Work required:
Look through the entries below and copy exactly the part that begins with the line containing "雙肩包女韓版pu時尚百搭鉚釘個性迷你小包包新款背包女包潮" and ends with the line containing "Here we have". Do not copy the pictures.

Source records:
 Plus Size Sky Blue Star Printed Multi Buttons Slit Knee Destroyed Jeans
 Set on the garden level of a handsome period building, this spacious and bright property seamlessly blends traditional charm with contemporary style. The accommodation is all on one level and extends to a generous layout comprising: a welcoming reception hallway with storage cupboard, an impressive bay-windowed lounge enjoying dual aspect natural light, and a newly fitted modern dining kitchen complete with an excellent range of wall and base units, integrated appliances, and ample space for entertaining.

--

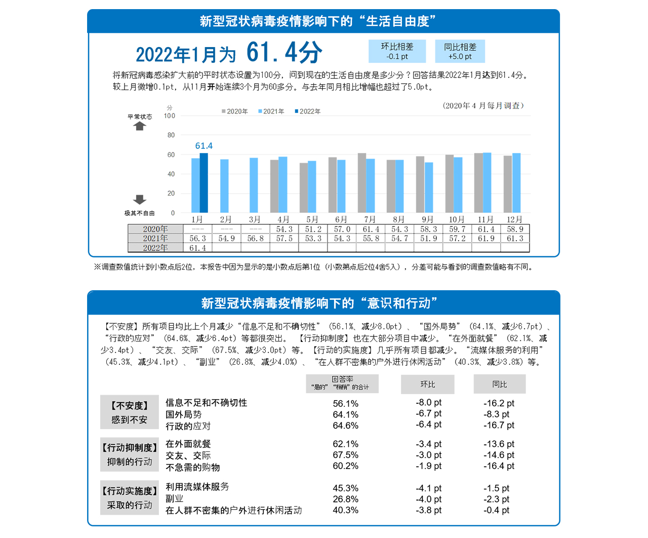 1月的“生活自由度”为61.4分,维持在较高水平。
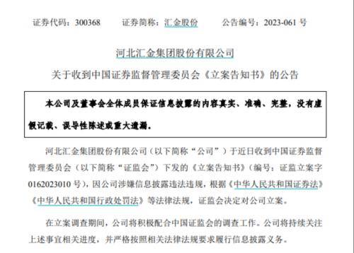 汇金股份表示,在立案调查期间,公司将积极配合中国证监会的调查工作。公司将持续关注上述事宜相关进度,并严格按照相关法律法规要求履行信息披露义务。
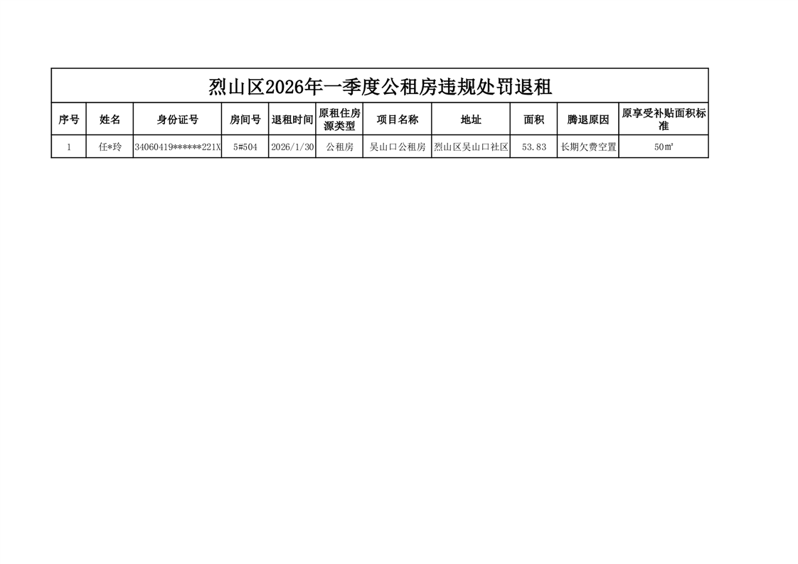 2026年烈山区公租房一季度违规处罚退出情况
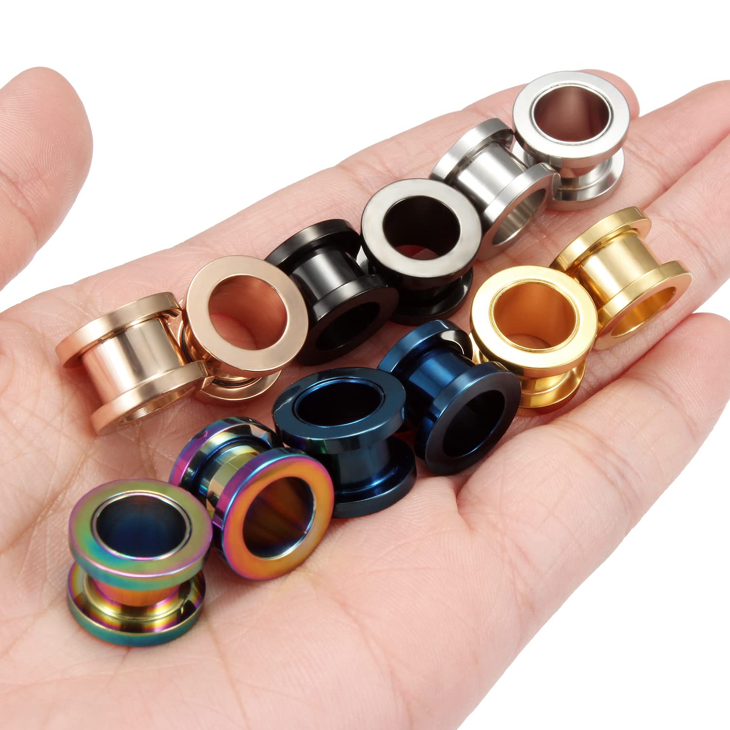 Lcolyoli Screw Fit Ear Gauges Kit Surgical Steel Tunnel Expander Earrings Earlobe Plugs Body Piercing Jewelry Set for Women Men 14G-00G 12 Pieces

---

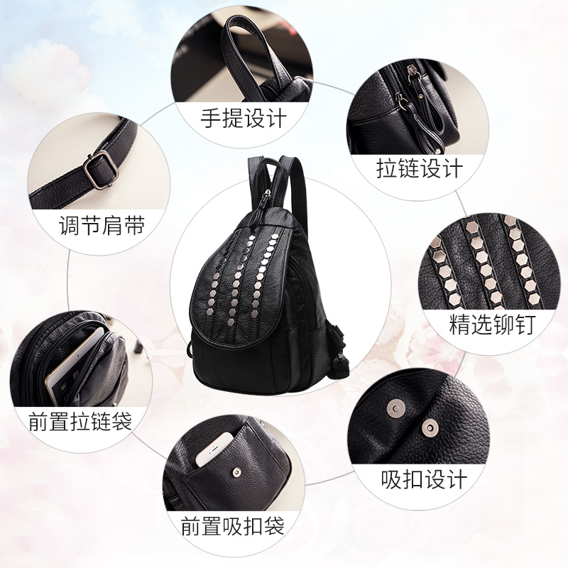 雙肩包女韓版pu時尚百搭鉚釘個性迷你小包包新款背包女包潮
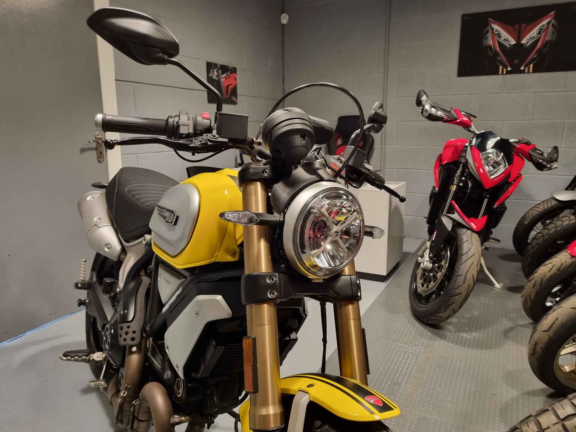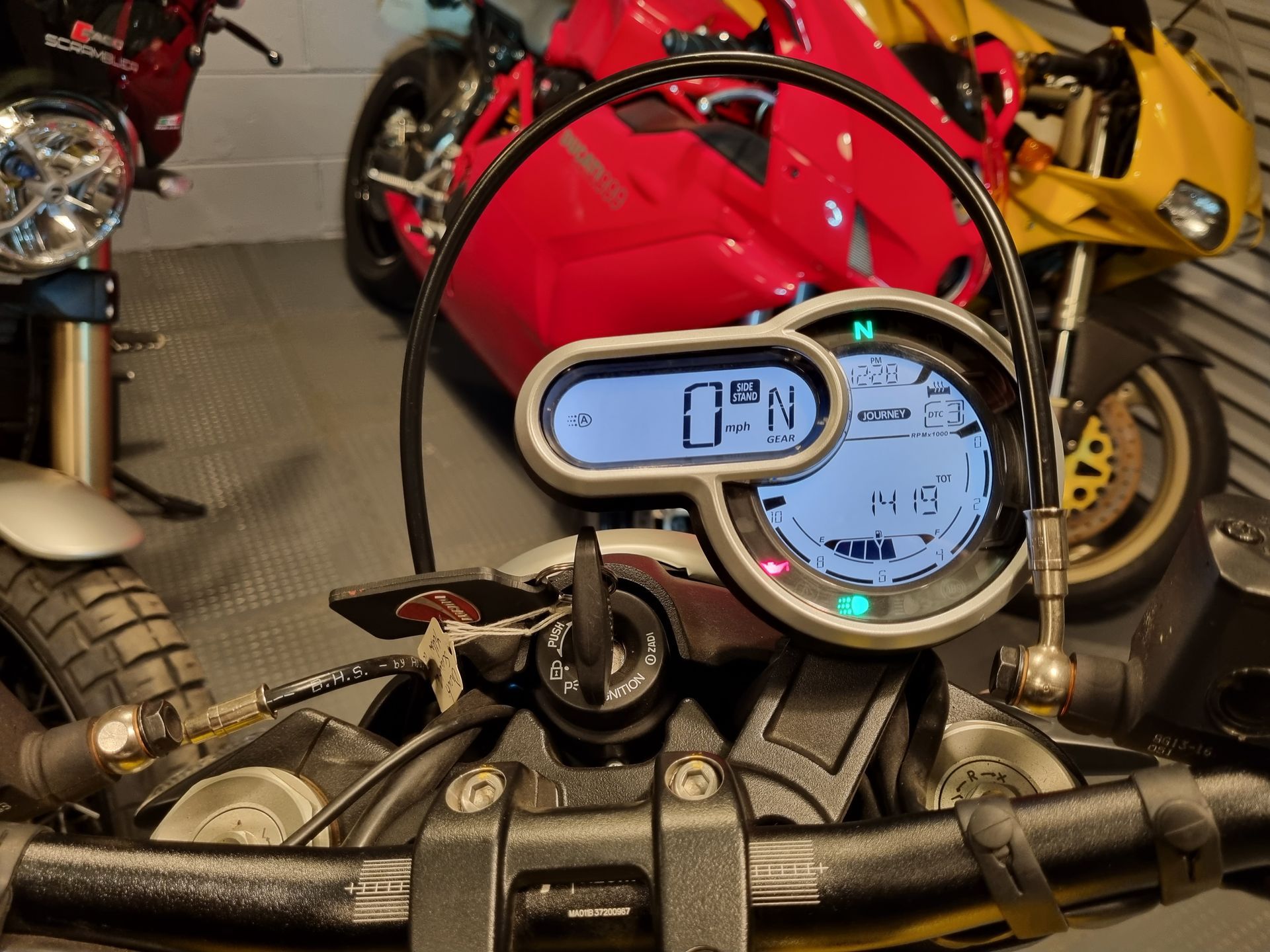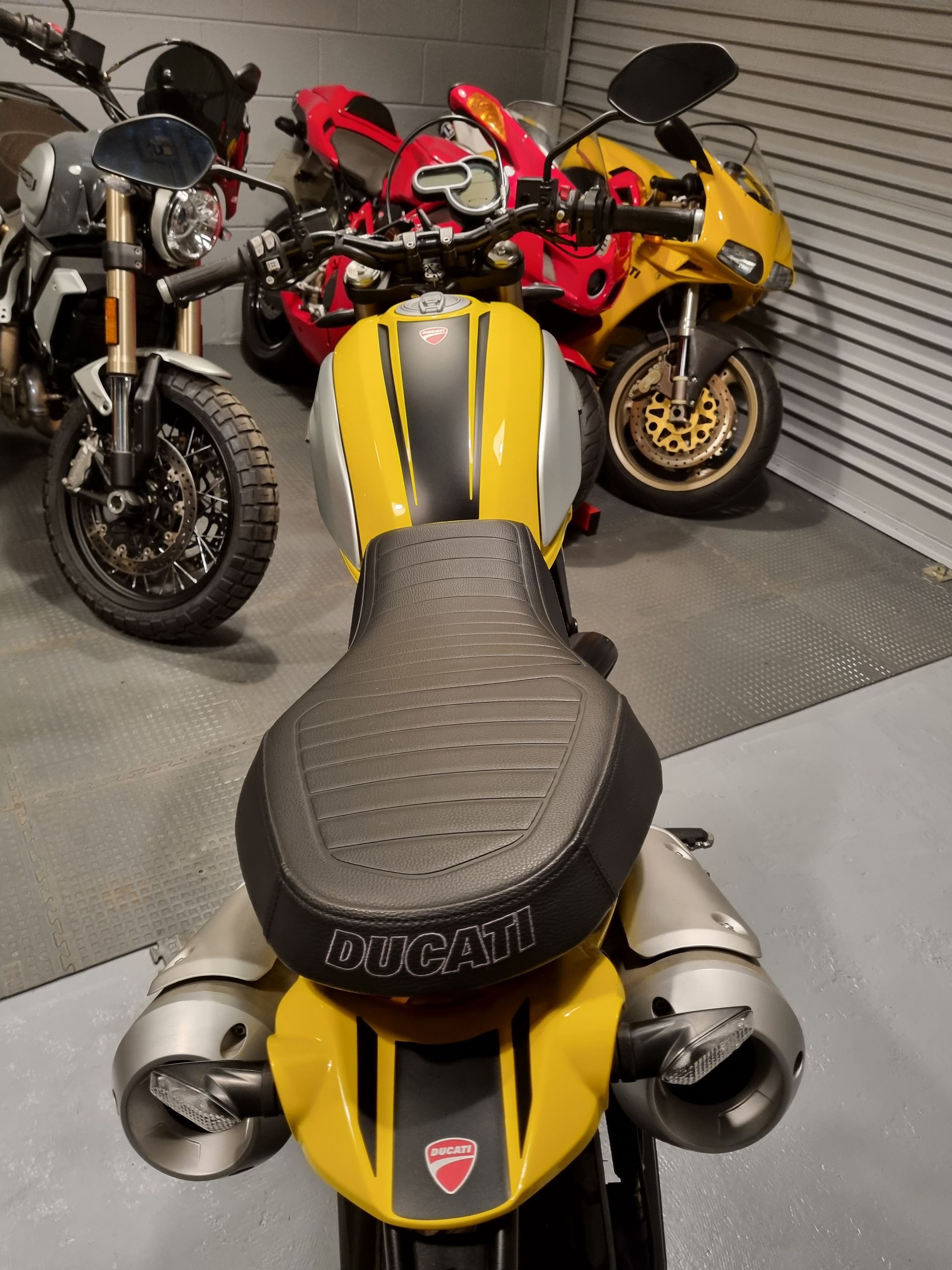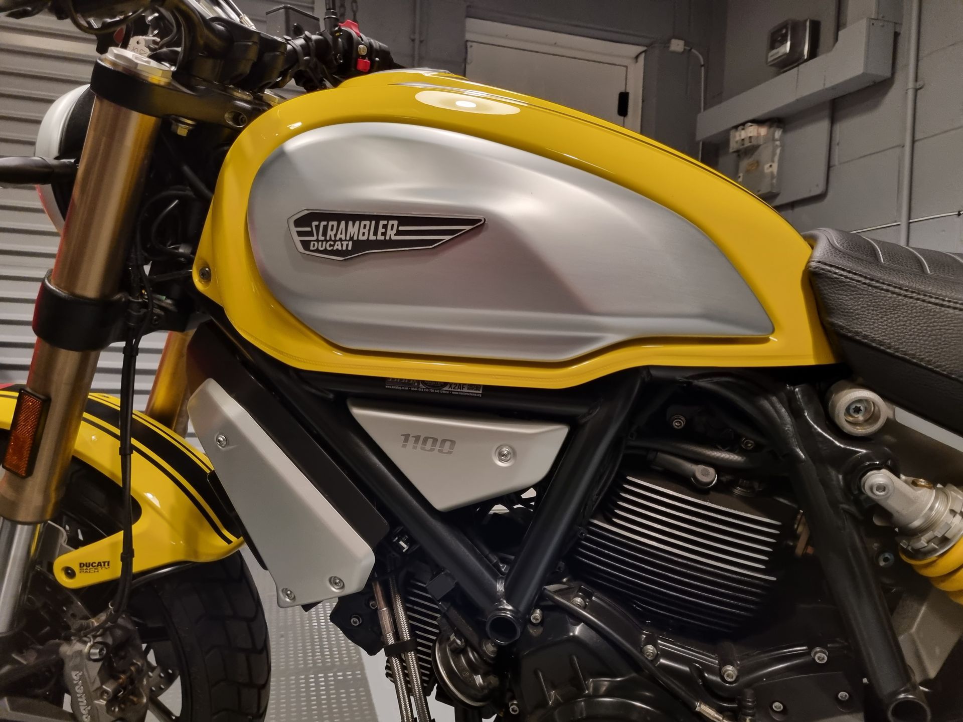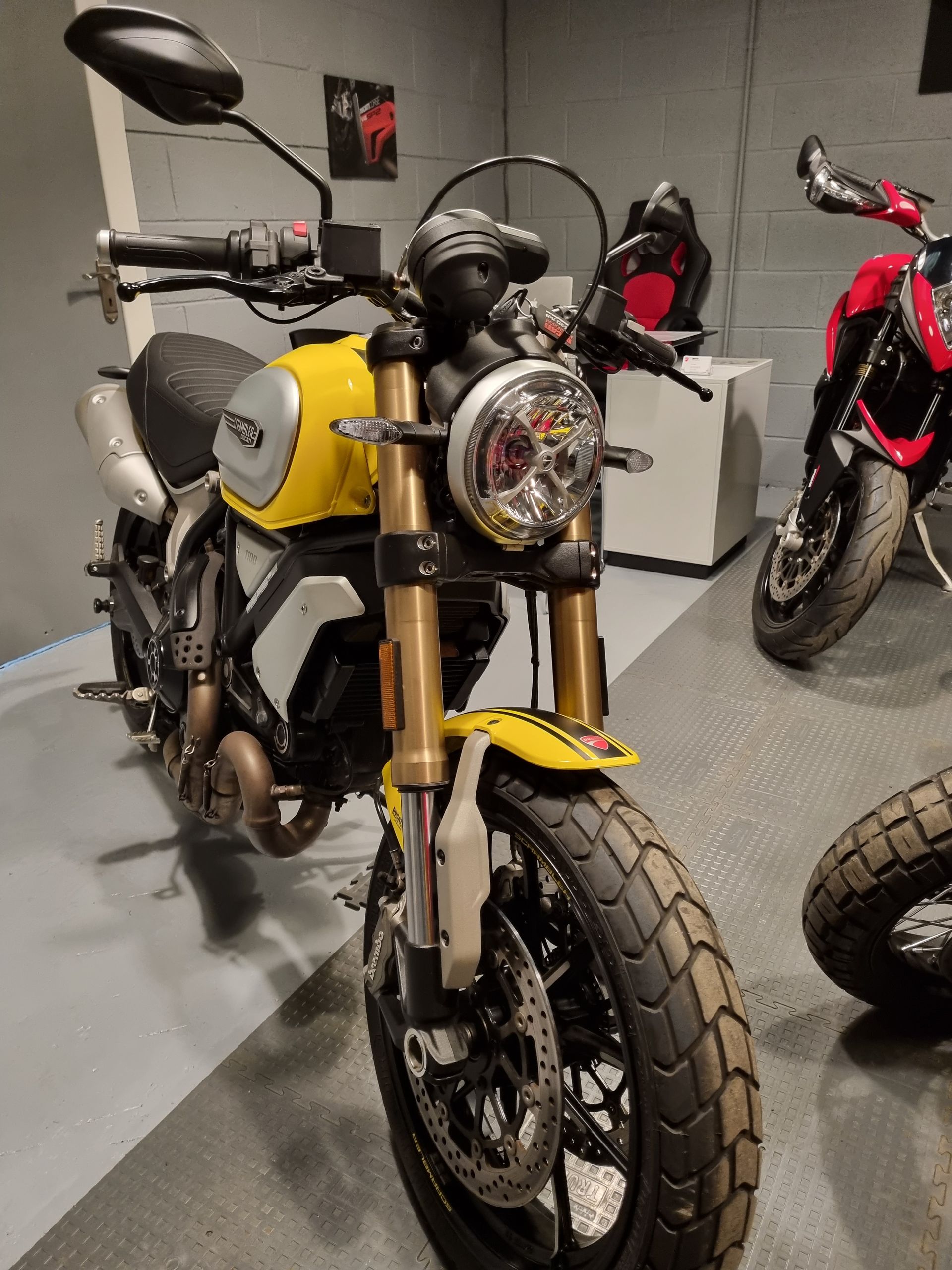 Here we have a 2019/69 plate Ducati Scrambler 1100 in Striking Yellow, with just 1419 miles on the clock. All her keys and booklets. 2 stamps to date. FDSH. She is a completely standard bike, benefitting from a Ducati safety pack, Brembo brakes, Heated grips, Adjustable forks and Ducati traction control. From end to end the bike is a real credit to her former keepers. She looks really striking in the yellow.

Exercise result:
 雙肩包女韓版pu時尚百搭鉚釘個性迷你小包包新款背包女包潮
 Here we have a 2019/69 plate Ducati Scrambler 1100 in Striking Yellow, with just 1419 miles on the clock. All her keys and booklets. 2 stamps to date. FDSH. She is a completely standard bike, benefitting from a Ducati safety pack, Brembo brakes, Heated grips, Adjustable forks and Ducati traction control. From end to end the bike is a real credit to her former keepers. She looks really striking in the yellow.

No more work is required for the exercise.